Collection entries

== Segment start ==

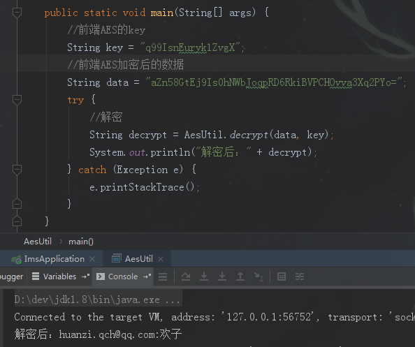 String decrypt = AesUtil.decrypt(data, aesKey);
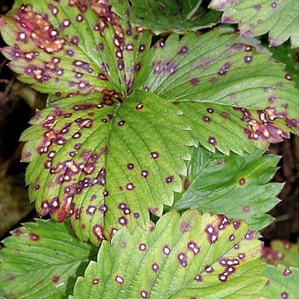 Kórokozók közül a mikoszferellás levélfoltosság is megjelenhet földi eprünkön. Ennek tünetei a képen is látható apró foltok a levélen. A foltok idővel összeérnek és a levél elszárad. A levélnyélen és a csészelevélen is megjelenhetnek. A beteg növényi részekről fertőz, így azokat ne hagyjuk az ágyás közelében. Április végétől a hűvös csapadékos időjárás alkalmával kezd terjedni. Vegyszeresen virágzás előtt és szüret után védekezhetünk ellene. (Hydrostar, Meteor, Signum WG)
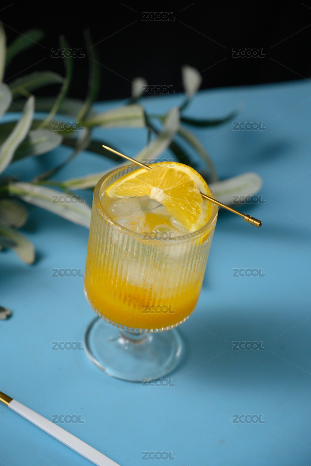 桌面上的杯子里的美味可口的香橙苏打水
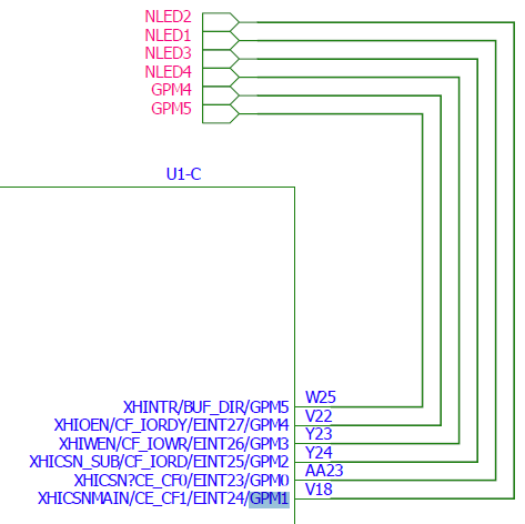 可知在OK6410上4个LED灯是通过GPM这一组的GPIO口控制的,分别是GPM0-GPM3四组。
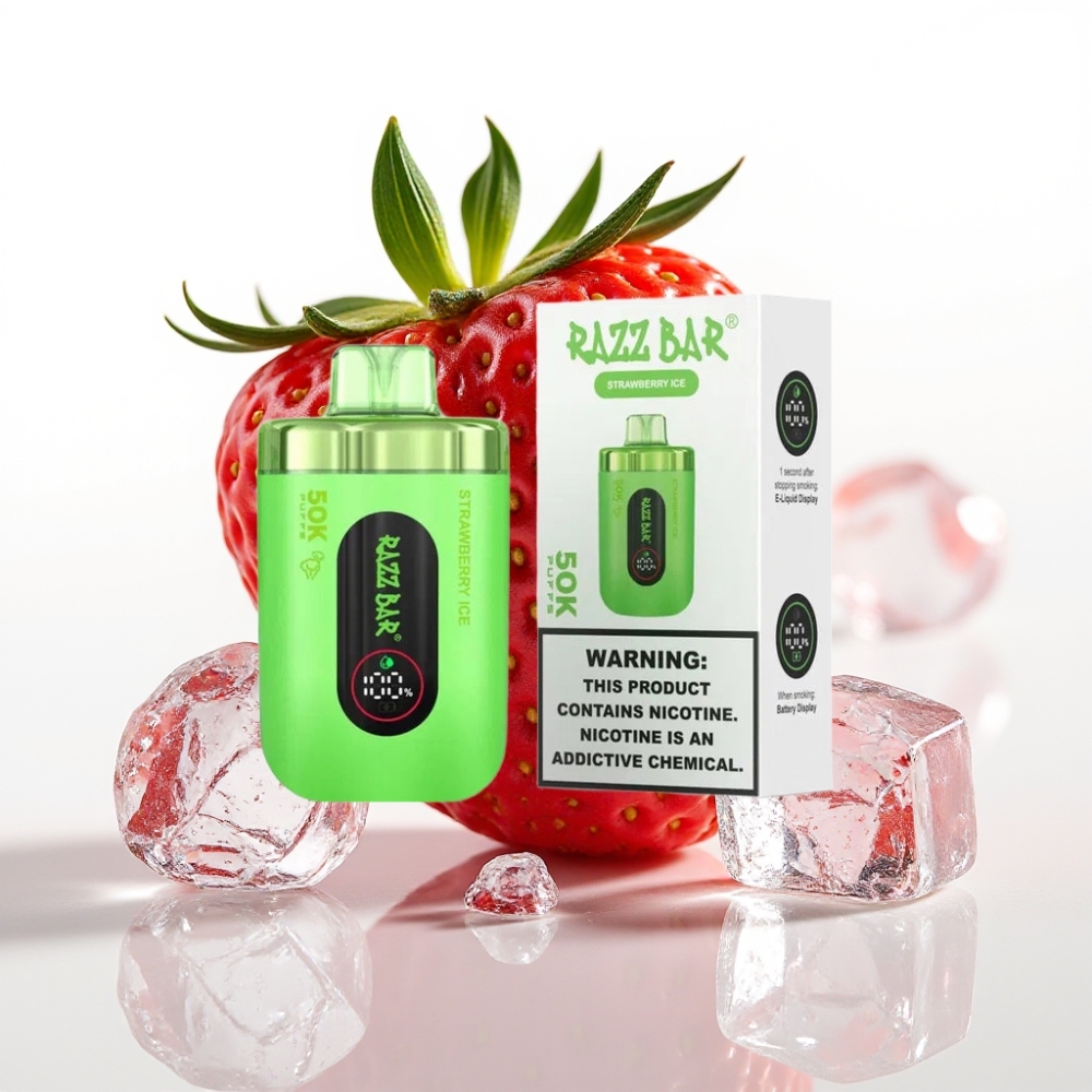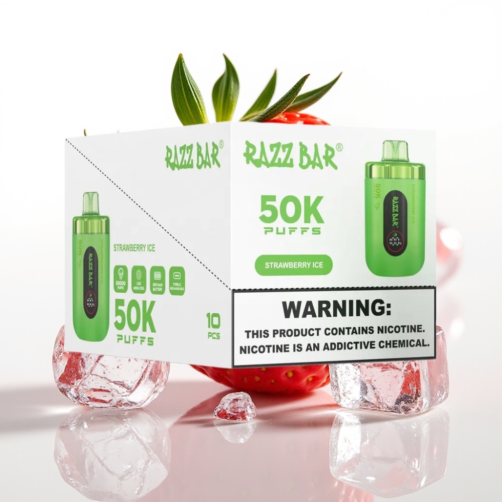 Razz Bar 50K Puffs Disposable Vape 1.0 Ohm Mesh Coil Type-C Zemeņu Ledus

== Segment end ==

◆ Problem to work on ◆
Excluding the pictures, transcribe each entry above word for word.

◆ Exercise solution ◆
 String decrypt = AesUtil.decrypt(data, aesKey);
 Kórokozók közül a mikoszferellás levélfoltosság is megjelenhet földi eprünkön. Ennek tünetei a képen is látható apró foltok a levélen. A foltok idővel összeérnek és a levél elszárad. A levélnyélen és a csészelevélen is megjelenhetnek. A beteg növényi részekről fertőz, így azokat ne hagyjuk az ágyás közelében. Április végétől a hűvös csapadékos időjárás alkalmával kezd terjedni. Vegyszeresen virágzás előtt és szüret után védekezhetünk ellene. (Hydrostar, Meteor, Signum WG)
 桌面上的杯子里的美味可口的香橙苏打水
 可知在OK6410上4个LED灯是通过GPM这一组的GPIO口控制的,分别是GPM0-GPM3四组。
 Razz Bar 50K Puffs Disposable Vape 1.0 Ohm Mesh Coil Type-C Zemeņu Ledus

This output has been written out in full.